Так было и в этот раз. Но маршрут оказался непростым – километров десять в одну сторону, но дело даже было не в километрах, а в пересечённой местности с зарослями полярной ивы и карликовой берёзы, сильно тормозивших движение.
До вечера мы всё сделать не успели, а был уже август, и полярный день стал похож на обычный летний в средней полосе – часам к одиннадцати темнело, а в темноте, работать по ТБ было нельзя и ходить – тоже.
Поэтому на следующий день планировалось продолжение этого маршрута. И повариха взмолилась, чтобы я согласился вместо неё посидеть в лагере, ужин приготовить и т.д.
Андрей, начальник, был не против такой замены, ибо большую часть работы мы уже сделали, образцы отобрали почти все, осталось закончить описание разреза и, возможно, добрать при необходимости лишь несколько образцов.
Мне по одному и тому же месту ходить было тоже не очень интересно, и я согласился, тем более, что проблем с готовкой у меня никогда не возникало – бывали годы, когда я совмещал обязанности и коллектора, и повара.
Следующий день выдался серым, скучным и пасмурным, правда, без дождя. Делать в первую половину оказалось особенно нечего – так, привести в порядок свои походные заметки, так как рыбалка не задалась – хариус по такой погоде «не брал».
В общем, часам к шести вечера, наконец, собравшись с силами, пошёл дождь – сначала просто «моросильничек», а потом довольно сильными зарядами.
Ужин мне нужно было приготовить к девяти вечера, я уже его приготовил, оставалось только ждать возвращения маршрутной группы. В десять вечера – никого, в одиннадцать – никого, а тут и дождь усилился – в палатке стало сыро, и я улёгся в спальный мешок: спать, не спать, но подремать до возвращения Андрея с Любкой.
Ветер палатку трепал довольно сильно, пришлось вылезать и подтягивать растяжки, чтобы её не сорвало. В темноте, да в дождь, заниматься этим не очень приятно.
Забравшись назад в спальник, лежу и вдруг слышу – «хруп-хруп», приподнялся, чтобы понять, откуда звуки идут – дело в том, что к нам лемминги в гости повадились, сухари, да крупу жрать.
Лемминги – это такие полярные мыши примерно того же размера, что и обычные, но толще раза в три. Мне буквально за день до этого удалось одного поймать в ведро.
Мышь, как мышь, красно-рыжая, только без хвоста – обрубок сантиметровый есть и всё. Лемминг сидел у меня в десятилитровом эмалированном ведре. Сидел и сидел – я на него смотрел, а он – на меня, а потом прыгать начал.
Сначала с разгона на стенку ведра, но – безуспешно, постоянно сползая обратно (не хватало ему сантиметров десяти на пути к желанной свободе), а потом начал прыгать «с места», и с четвёртой или пятой попытки выпрыгнул-таки из ведра, «взяв высоту» почти в полметра. И был таков.
Гоняться за ним я не стал, оценив по достоинству его стремление к свободе и настойчивость в достижении цели, да и не догнать его было.
Крупу-то жрать – ещё ничего (за время варки всё продезинфицируется), а вот сухари неприятно после мышей есть, можно, конечно, на огне их прокаливать, но канительно и всё равно неприятно.
Так вот, приподнялся я, и звуки тут же стихли, подождал – ничего, улёгся: «хруп-хруп». Аккуратно так приподнялся – всё опять стихло. И всё повторилось несколько раз. Но понять, в чём же дело, не получалось никак.

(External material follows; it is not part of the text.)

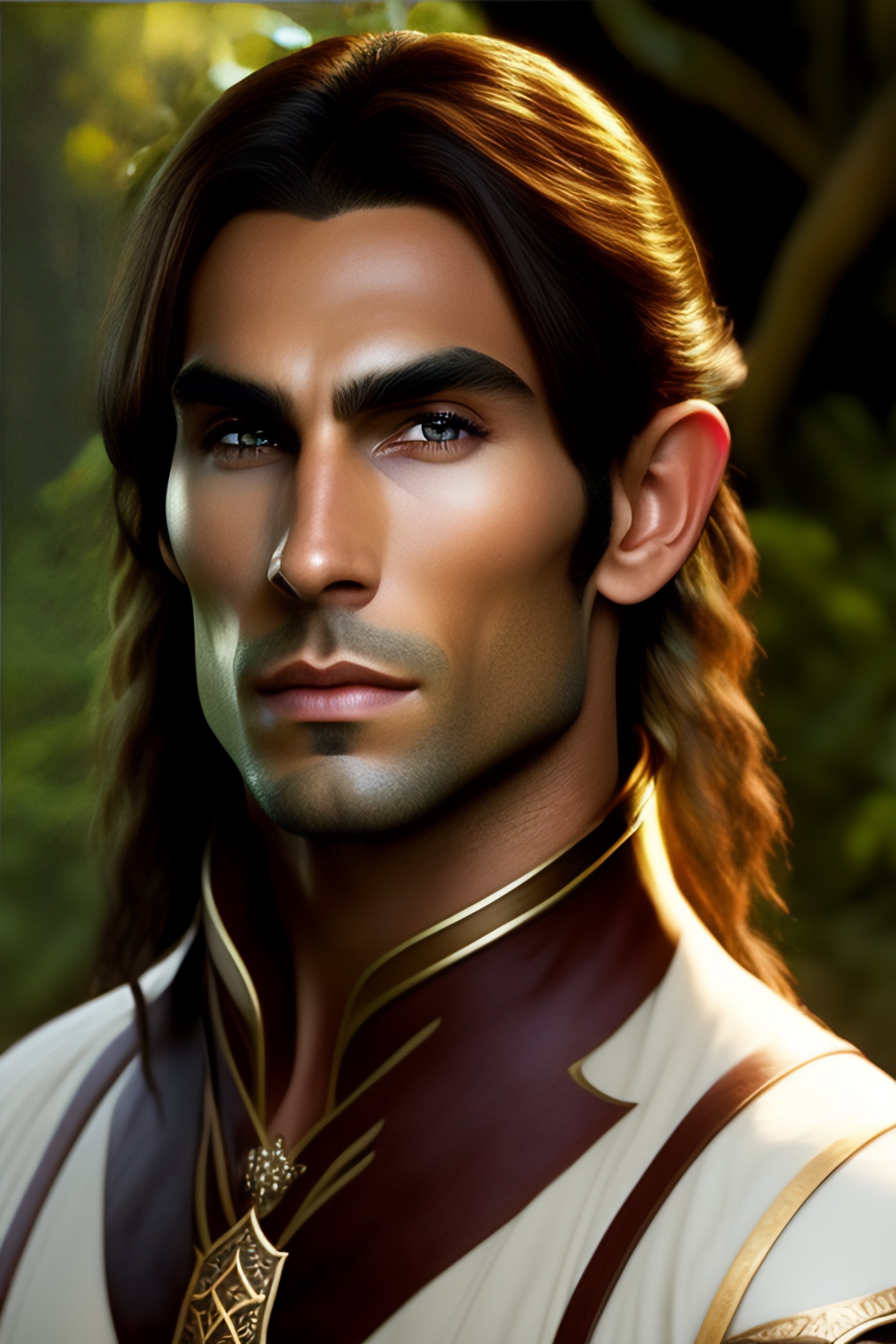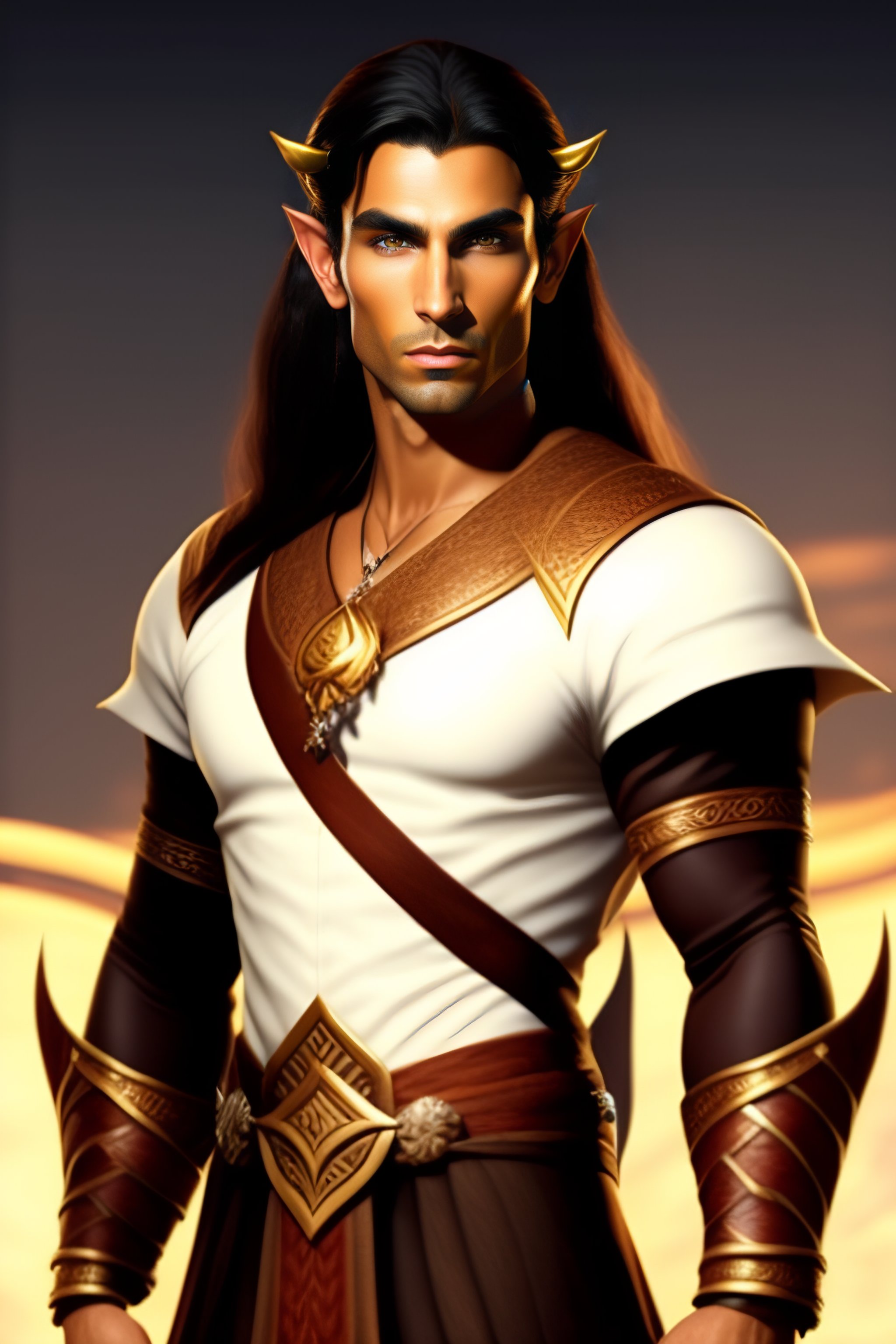 Male half-elf, 30 years, tanned complexion, round face, pointed ears, slanted eyes, brown eyes, brown hair, short hair, goatee, wearing fantasy clothes, a white shirt, a thick brown leather belt

На часы смотрю – без нескольких минут полночь. Ну, думаю, время нечистой силы пришло, как у Гоголя. Всё – по писаному – велик оказался Николай Васильевич, кто бы ещё мог такое придумать.
И только-только я эту мысль подумал и обкатал в уме, как налетел порыв ветра, за ним раздался страшный удар, треск, и палатка с одного угла обвисла. Делать нечего – пришлось выходить, оттяжку поправлять.
Вылез по-быстрому в плавках и в болотных сапогах на босу ногу – противно, мокро и холодно. С фонариком обошёл палатку и увидел – угловая оттяжка болтается.
Пытаюсь подтянуть и закрепить – не тут-то было – угловой люверс просто вырван «с мясом». Сооружаю его имитацию с камешком, а по спине холодные струйки дождя сбегают, закрепляю оттяжку и в палатку – сохнуть и греться.
Лежу, и вдруг слышу голоса – мужской и женский, даже скорее звуки голосов, слов не разобрать, но что-то обсуждают. Приподнимаюсь – тишина, ложусь – опять голоса, те же самые.
Вот это уже оказывается за гранью разумного – в округе километров на триста ни одной живой души, а тут – голоса.
Приподнимаюсь – вновь тишина. Ложусь – опять голоса, и… всё стихает… всё! Проходит ещё минут пятьдесят, опять голоса, но уже рядом – наши вернулись.
Потом – ужин, рассказываю свою историю – похоже, не верят, и тут Андрей рассказывает, что, чтобы им не было скучно по дороге в темноте, они шли и разговаривали, когда спускались по склону к реке.
И всё сразу встало на свои места, появилось разумное объяснение этой истории. Палатку, за неимением нормальных стоек, мы ставили на дюралевых байдарочных вёслах, довольно упругих.
Я, как самый высокий, в палатке спал по центру, между стойками, упираясь головой в дальнюю стойку от входа. Хорошо натянутая палатка подпружинивала вёсла, и вся конструкция превращалась в параметрический усилитель, чувствительным элементом которого («мембраной») являлось натянутое полотнище палатки.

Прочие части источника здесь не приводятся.